WHAT THE EXERCISE ASKS: Beginning with the line that holds "巴拉巴拉童装儿童短袖t恤女童轻薄款夏速干防晒内搭休闲百搭上衣", output every remaining line of the material below exactly, and include none of the pictures.

RECORDED DATA:
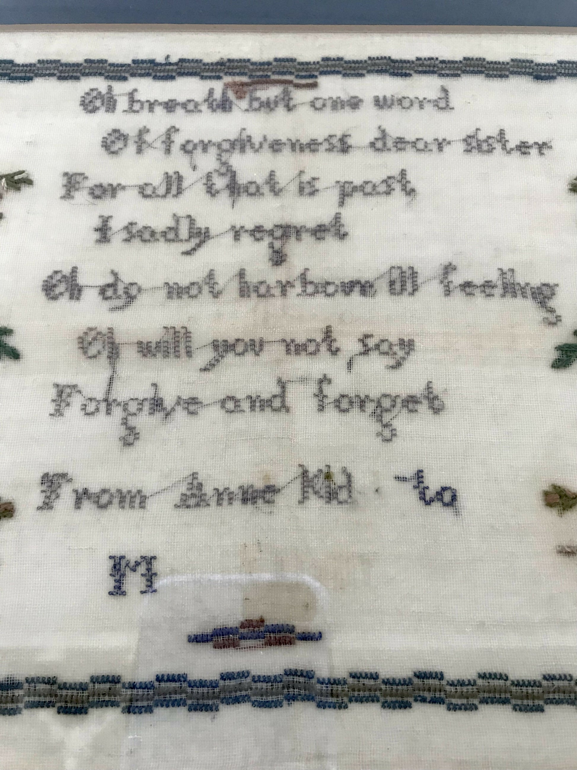 This lovely old sampler tells the story of Anne Kid, pleading forgiveness from her sister for something that has occurred between them. It is SO sweet! Mostly worked in teeny weeny cross-stitch with little stem stitch sprays of flowers in the four corners. It is undated, but was already very old when I bought it at Greenwich Market, South London in 1989.
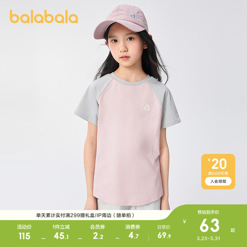 巴拉巴拉童装儿童短袖t恤女童轻薄款夏速干防晒内搭休闲百搭上衣
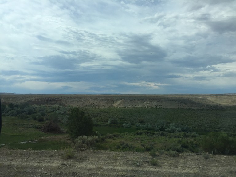 Det allersidste stræk var der kø- sikkert fordi en flok bisoner med kalve stod på vejen. Så træls at holde stillet bare få km fra campingpladsen efter knap 15 timer i bilen. Pigerne har været så dygtige – også i dag! Sovet lidt, læst lidt, sunget med på sange osv. Mark har kørt hele strækket i dag – over 3 bjergkæder!

THE ANSWER:
 巴拉巴拉童装儿童短袖t恤女童轻薄款夏速干防晒内搭休闲百搭上衣
 Det allersidste stræk var der kø- sikkert fordi en flok bisoner med kalve stod på vejen. Så træls at holde stillet bare få km fra campingpladsen efter knap 15 timer i bilen. Pigerne har været så dygtige – også i dag! Sovet lidt, læst lidt, sunget med på sange osv. Mark har kørt hele strækket i dag – over 3 bjergkæder!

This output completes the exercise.